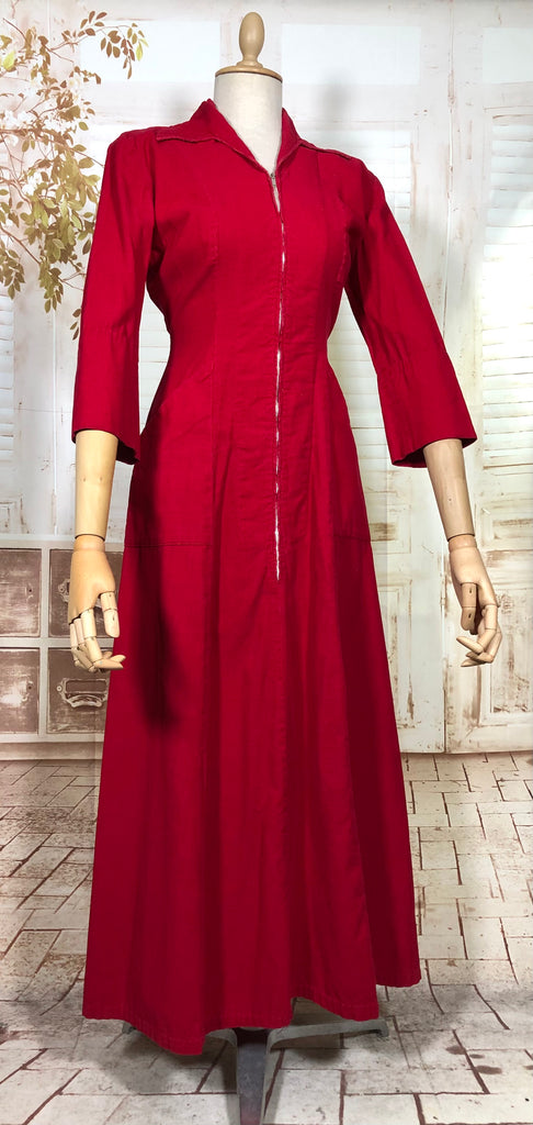 Amazing Lipstick Red 1940s Corduroy Zip Front Dress
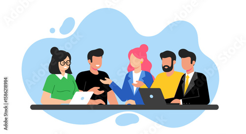 teamwork, meeting, business, people, collaboration, discussion, work, office, group, communication, strategy, planning, project, solution, success, corporate, professional, laptop, computer, technology, idea, concept, brainstorming, creative, startup, leader, manager, employee, colleague, team, diverse, modern, flat, illustration, design, graphic, vector, abstract, background, blue, desk, table, working, talking
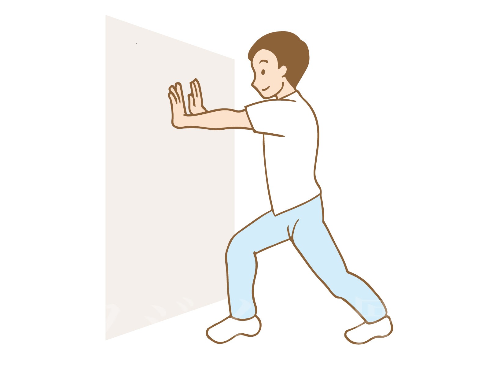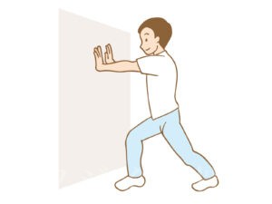 アキレス腱(ふくらはぎと踵をつなぐ腱)のストレッチは、壁に手をつき、後ろ足を伸ばした状態で20-30秒間保持します。
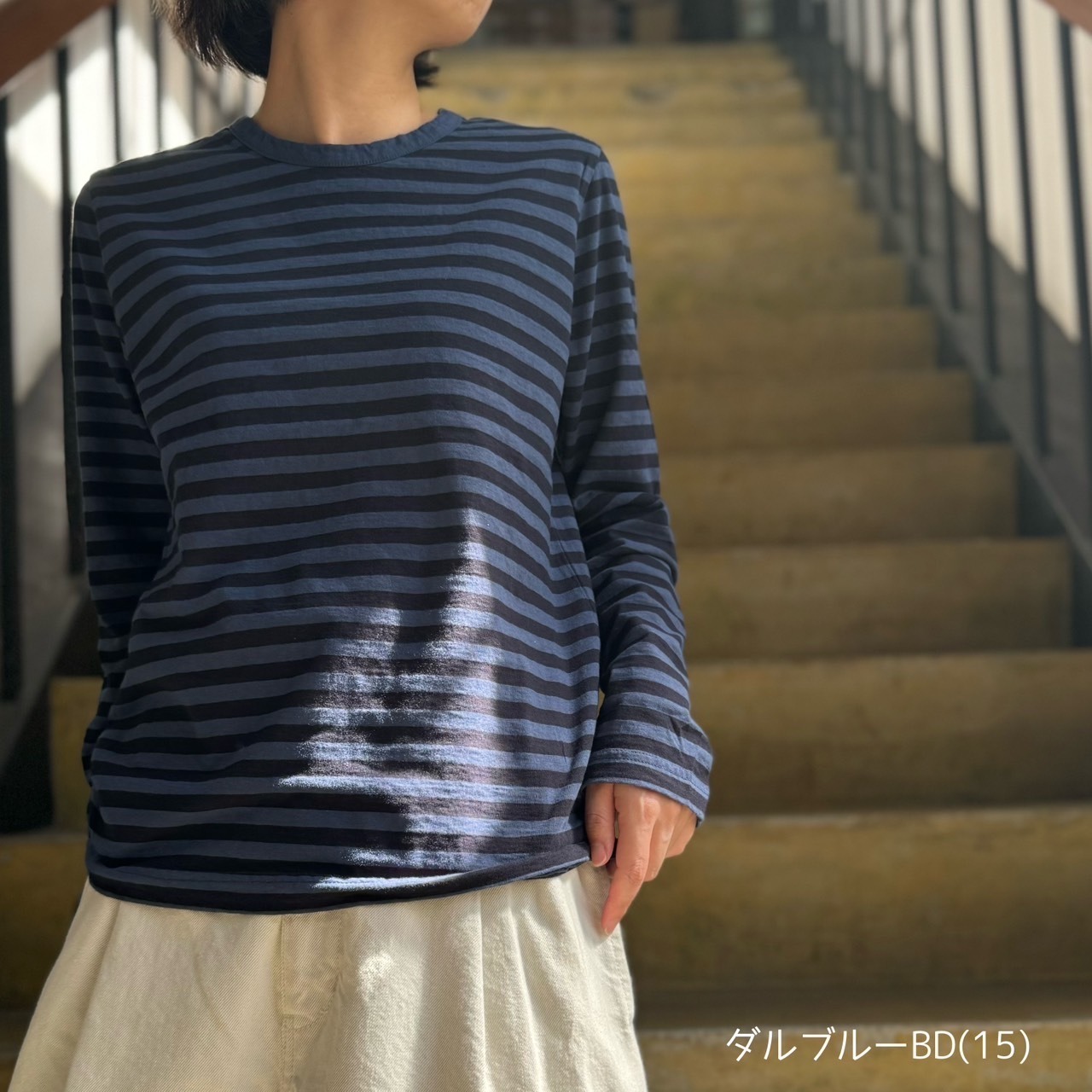 シンプルな長袖タイプのボーダークルーネックTシャツです。
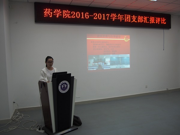 为了加强各班级团支部建设,6月5日晚,“药学院2016-2017学年团支部汇报评比大会”在药学院313会议室举行。研究生院辅导员张�,中西医结合临床学院辅导员云大清,针灸骨伤临床学院辅导员丁仙,药学院党总支副书记金晓琴、团总支负责人黄伟军出席本次大会并担任评委。
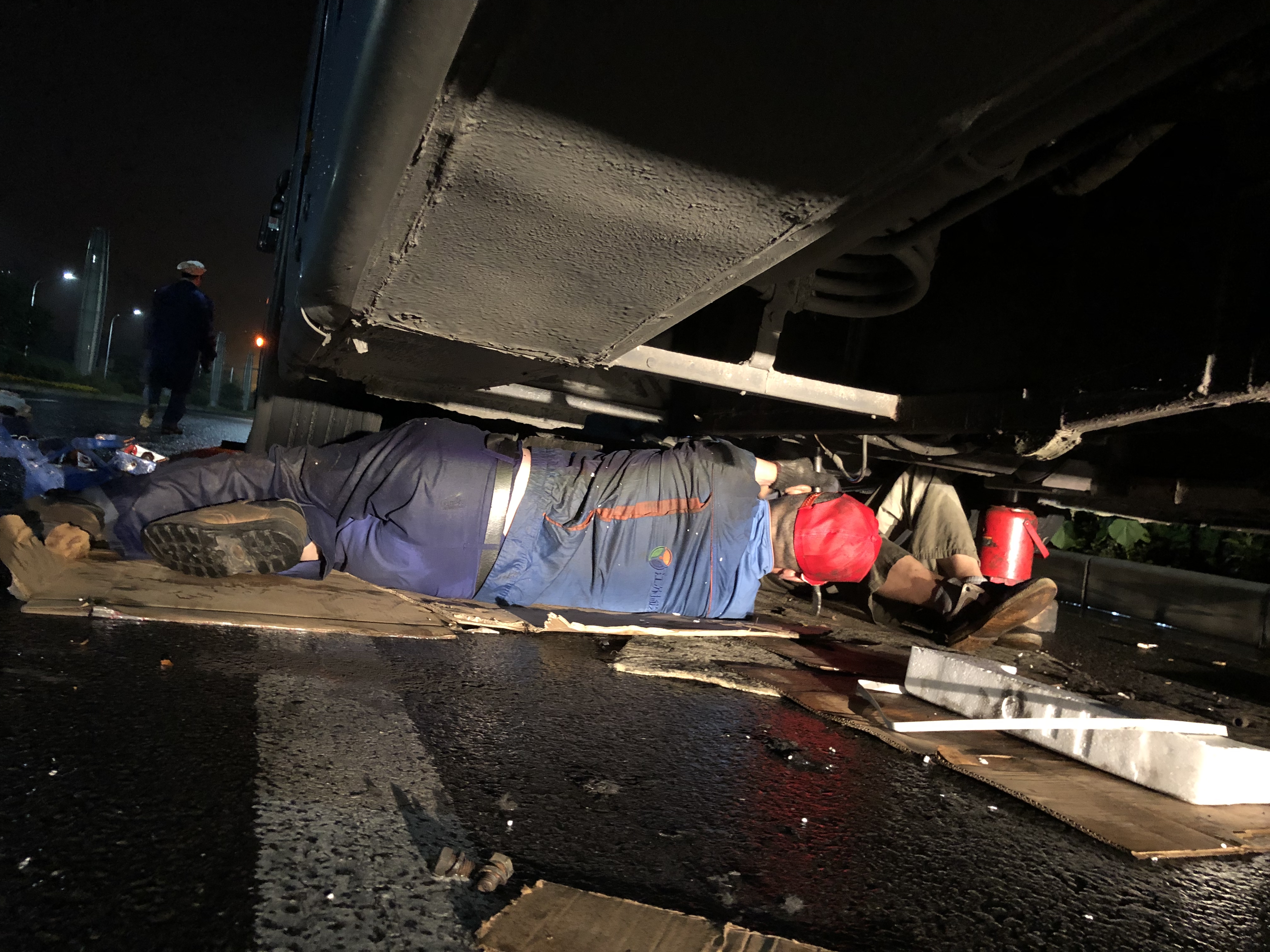 為了快速查出車輛故障,來(lái)到現(xiàn)場(chǎng)后師傅們也顧不得許多,只是簡(jiǎn)單地做了避雨防護(hù),就開始查找每一處可疑的故障,原來(lái)是離合器片磨損無(wú)法啟動(dòng),需要進(jìn)行更換。此時(shí)客服中心又聯(lián)系了在家休息的青工花兆貴,他冒雨回廠領(lǐng)取離合器三件套,再趕赴故障現(xiàn)場(chǎng)進(jìn)行安裝。由于是露天作業(yè),加之夜晚陰雨天氣,視線模糊,給維修工作帶來(lái)很大難度,但是維修師傅們團(tuán)結(jié)協(xié)作,經(jīng)過(guò)數(shù)小時(shí)的緊張搶修,故障解除,而此時(shí)搶修師傅們的衣服已經(jīng)完全濕透。
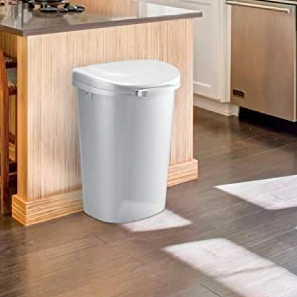 Trash can with anti-fingerprint coatingEasy to take out the bag, the inner plastic box holds the bag in placeDoubles as a recycling binSize: 17 inches (width) x 26 inches (height) x 15 inches (depth)
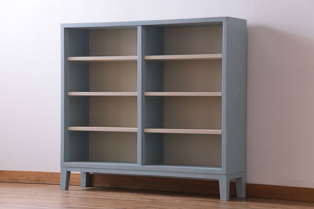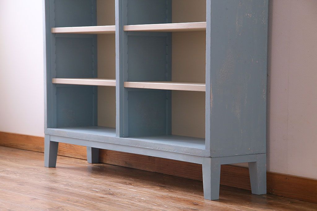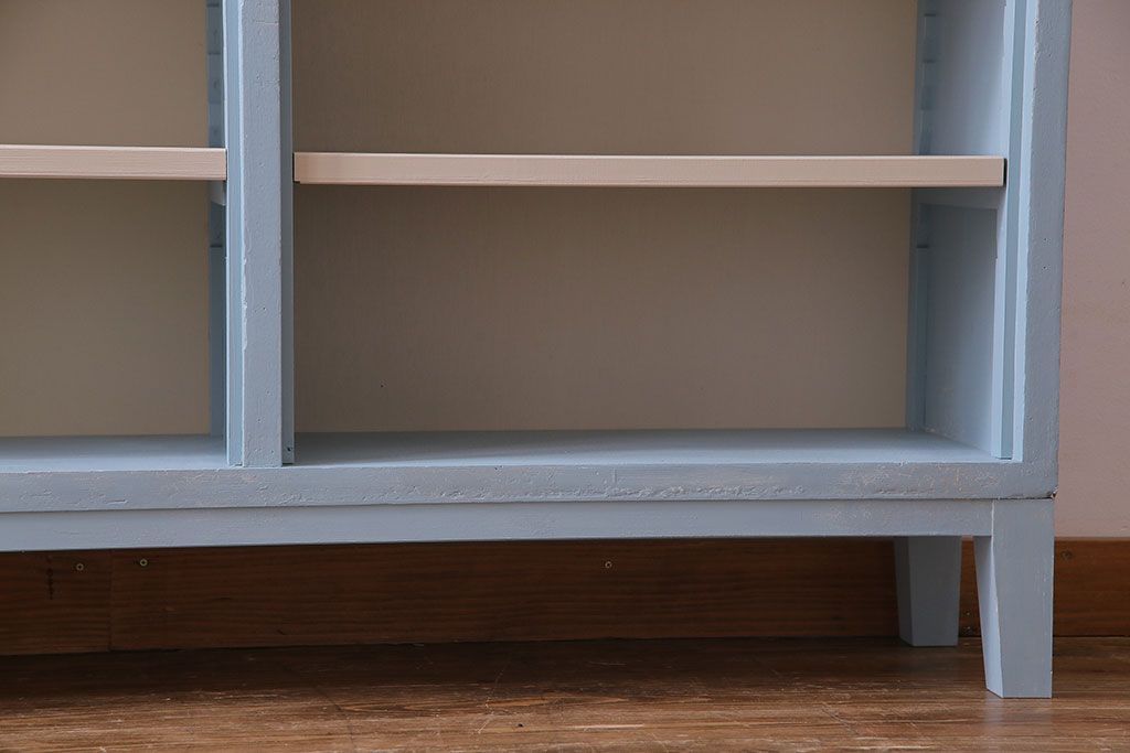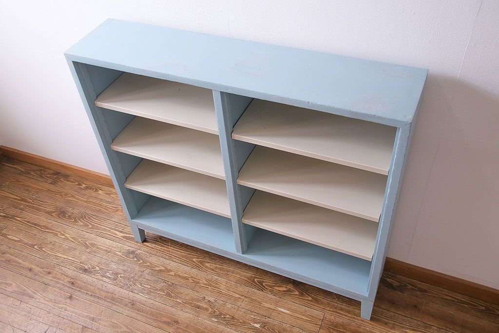 ペイント家具 淡い色合いが爽やかな印象のオープンラック(陳列棚、本棚、ブックシェルフ)(1)です。

═══

What is needed is a word-for-word copy of the lines from the one containing "為了快速查出車輛故障,來(l" through the final line of the records above, both included, with the pictures left out.

 為了快速查出車輛故障,來(lái)到現(xiàn)場(chǎng)后師傅們也顧不得許多,只是簡(jiǎn)單地做了避雨防護(hù),就開始查找每一處可疑的故障,原來(lái)是離合器片磨損無(wú)法啟動(dòng),需要進(jìn)行更換。此時(shí)客服中心又聯(lián)系了在家休息的青工花兆貴,他冒雨回廠領(lǐng)取離合器三件套,再趕赴故障現(xiàn)場(chǎng)進(jìn)行安裝。由于是露天作業(yè),加之夜晚陰雨天氣,視線模糊,給維修工作帶來(lái)很大難度,但是維修師傅們團(tuán)結(jié)協(xié)作,經(jīng)過(guò)數(shù)小時(shí)的緊張搶修,故障解除,而此時(shí)搶修師傅們的衣服已經(jīng)完全濕透。
 Trash can with anti-fingerprint coatingEasy to take out the bag, the inner plastic box holds the bag in placeDoubles as a recycling binSize: 17 inches (width) x 26 inches (height) x 15 inches (depth)
 ペイント家具 淡い色合いが爽やかな印象のオープンラック(陳列棚、本棚、ブックシェルフ)(1)です。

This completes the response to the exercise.